Tecnología del Pentágono
Mientras los europeos ni siquiera han concertado una posición coherente sobre el embargo de los hidrocarburos rusos, el volumen de dinero movilizado por Washington revela la ambición de la estrategia que la administración de Joe Biden está implementando: hacer de esta guerra una suerte de conflicto interpósito a través del cual, sin poner en juego la vida de un solo soldado, vencer al otro imperio.
Detrás de las ayudas formales hay, de hecho, otra guerra secreta tanto o más decisiva que la que se ve. Todas las capitales de Europa lo reconocen: gracias a sus capacidades tecnológicas y a sus avanzadísimos sistemas informáticos el Pentágono desempeñó un papel central en las respuestas militares de Ucrania. El hundimiento del buque lanzamisiles ruso, El Movska, a mediados de abril en aguas del Mar Negro nunca hubiese sido posible sin “la información del Pentágono”.
Según una información revelada por el New York Times a principios de mayo, el espionaje estadounidense permitió a Ucrania localizar y matar a una docena de generales rusos. “Ayudar a Ucrania a defenderse” sigue siendo la bandera retórica de Washington. Esta, sin embargo, se mezcla con posicionamientos más sinceros como el que expresó a finales de marzo el Secretario de Defensa de Joe Biden, Lloyd Austin, para quien el objetivo, en adelante, consiste en “ver a Rusia tan debilitada que ya no pueda más hacer cosas como las que hizo al invadir Ucrania”.

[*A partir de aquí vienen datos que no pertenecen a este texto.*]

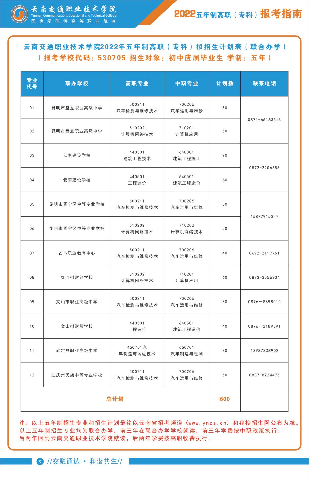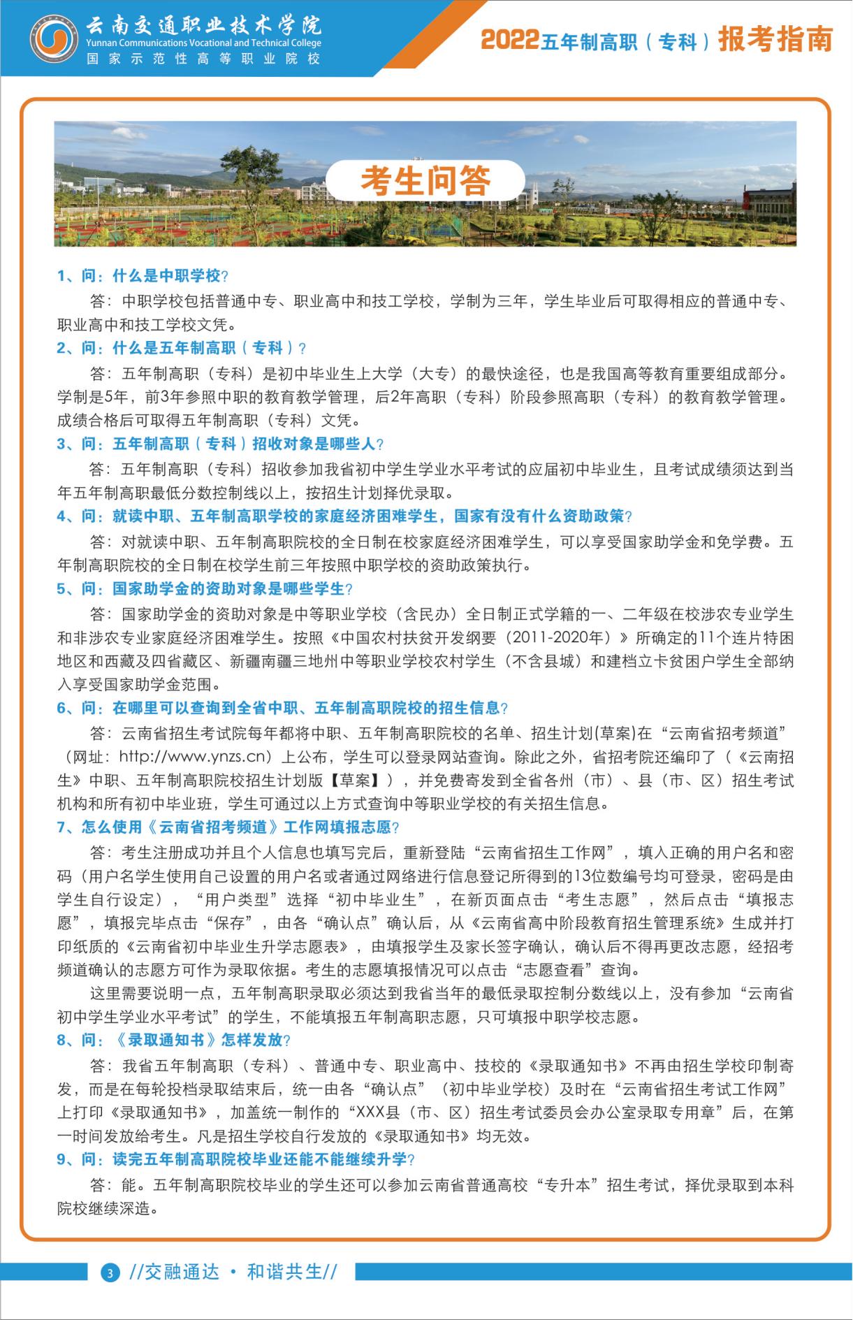云南交通職業技術學院五年制高職(專科)2022報考指南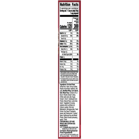 BOX CONTAINS: 1 box contains pasta and sauce mix; Makes 5 servings

El pasado 28 de abril, ante el Congreso, Joe Biden dijo: “invertir en la libertad y la seguridad de Ucrania es pagar un precio muy bajo para castigar la agresión rusa y disminuir el riesgo de conflictos futuros”. Pocos días después, en Alabama, Biden ponía la guerra en Ucrania bajo una óptica mucho más amplia: «hay en este momento una guerra entre la autocracia y la democracia”.
¿Salida diplomática?
Washington no evoca nunca una salida diplomática, los europeos aún creen que es posible, incluso cuando admiten que la guerra será forzosamente extensa hasta que se plasme o se visualice una estabilización. Este sábado, durante el diálogo telefónico que mantuvieron durante 80 minutos con Vladimir Putin, el presidente francés, Emmanuel Macron, y el canciller alemán Olaf Scholz, le pidieron al mandatario ruso que acepte “lo más pronto que se pueda” una conversación directa” con el presidente de Ucrania, Volodímir Zelenski, con la meta de pactar un alto el fuego.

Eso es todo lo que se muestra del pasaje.